The CONNECTION resource is the secure, IAM-governed "handshake" between BigQuery and other Google Cloud services, most notably Vertex AI and Google Cloud Storage.

When a connection is created, it is associated with a unique service account. This service account acts as a proxy for BigQuery, and it must be granted the appropriate IAM roles to interact with external services. For instance, to call a Vertex AI model, the connection's service account needs the
Vertex AI User (roles/aiplatform.user) role.

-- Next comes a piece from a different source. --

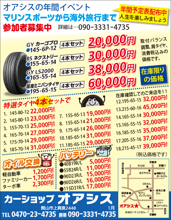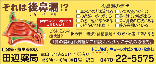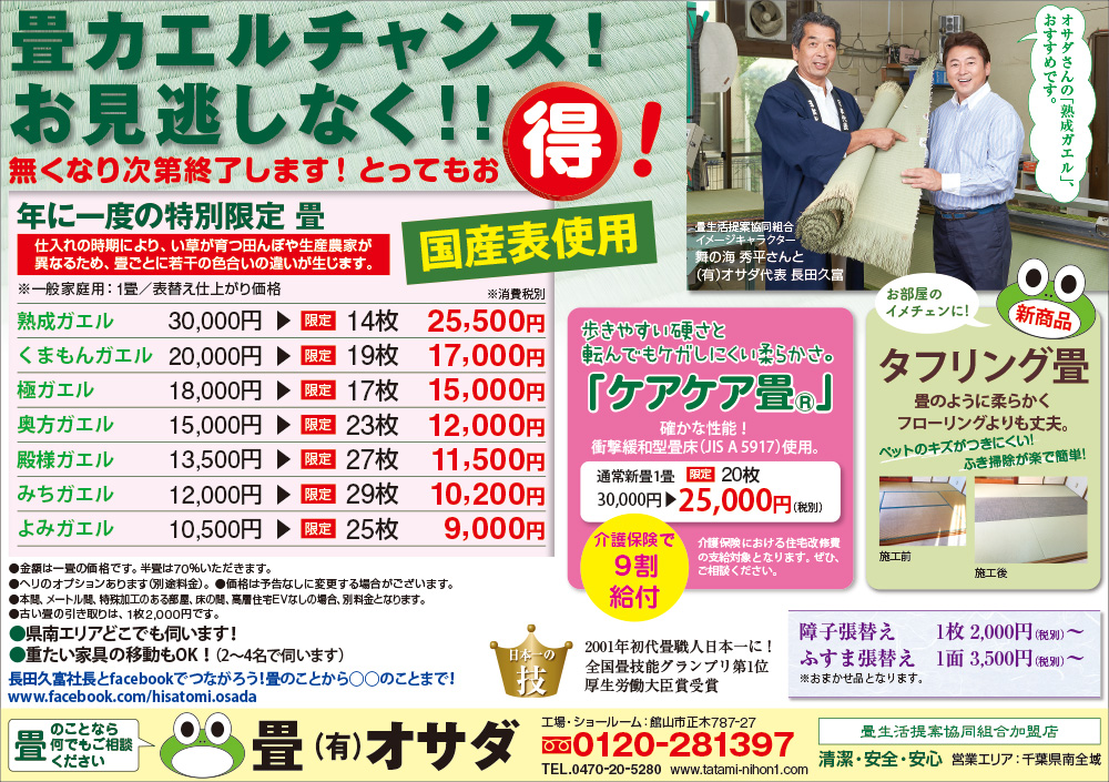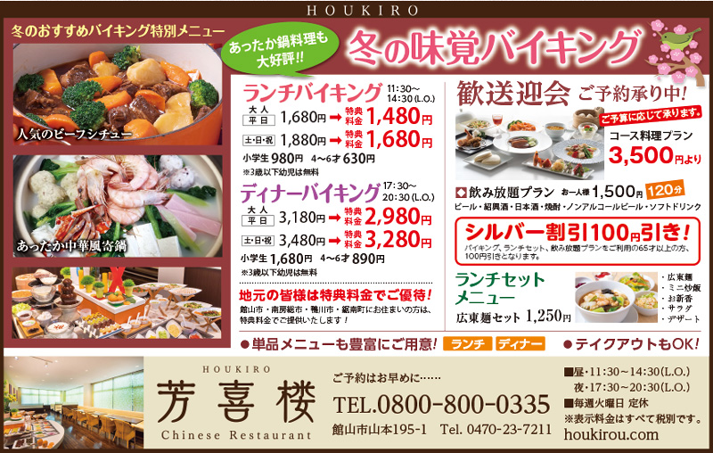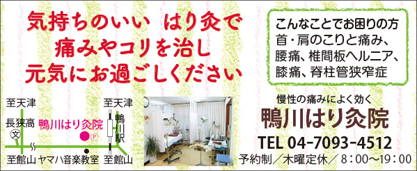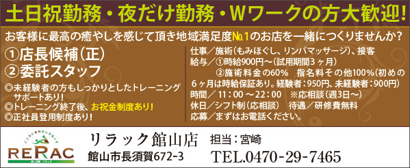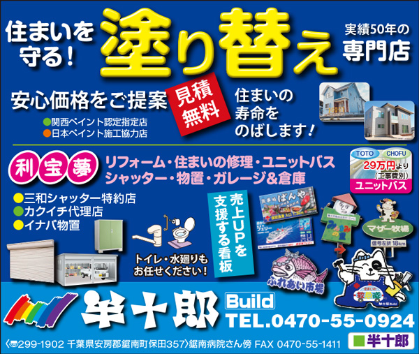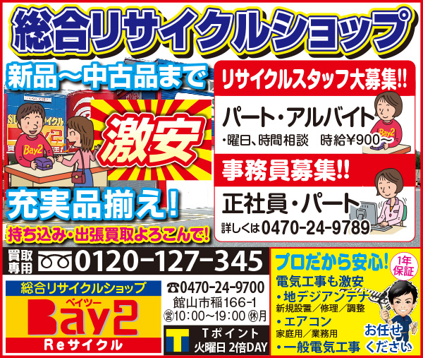 Bay2、ELYSION KISARAZU、HAIR DESIGN PASHU、アンディトレーディング株式会社、オアシス、サクラム・ユウ、ファミール産院、マダムベラ、リラック館山店、加藤建設株式会社、鴨川はり灸院、東海汽船株式会社、君津市民文化ホール、材木店KENJI WOOD、畳(有)オサダ、新昭和ウィザース、南総文化ホール、半十郎、芳喜楼、茂八すし、田辺薬局(順不同)

This mechanism ensures that all interactions are authenticated, authorized, and auditable, adhering to the principle of least privilege and satisfying enterprise security requirements

In [None]:
!bq mk --connection --location=US \
    --project_id=$GOOGLE_CLOUD_PROJECT \
    --connection_type=CLOUD_RESOURCE masterclass

In [None]:
SERVICE_ACCT = !bq show --format=prettyjson --connection $GOOGLE_CLOUD_PROJECT.us.masterclass | grep "serviceAccountId" | cut -d '"' -f 4
SERVICE_ACCT_EMAIL = SERVICE_ACCT[-1]
print(SERVICE_ACCT_EMAIL)

In [None]:
import os
PROJECT_ID = str(os.environ.get("GOOGLE_CLOUD_PROJECT"))
!gcloud projects add-iam-policy-binding --format=none --condition=None $PROJECT_ID --member=serviceAccount:$SERVICE_ACCT_EMAIL --role=roles/aiplatform.user

In [None]:
!gcloud projects get-iam-policy $PROJECT_ID --flatten=bindings --filter=bindings.members:serviceAccount:$SERVICE_ACCT_EMAIL --format='value(bindings.role)'

### Create Dataset & Register Models

The remote model is the primary abstraction layer that makes in-database AI possible. Using a standard CREATE MODEL statement with a REMOTE WITH CONNECTION clause, a data engineer can register an externally hosted model as a callable object within a BigQuery dataset.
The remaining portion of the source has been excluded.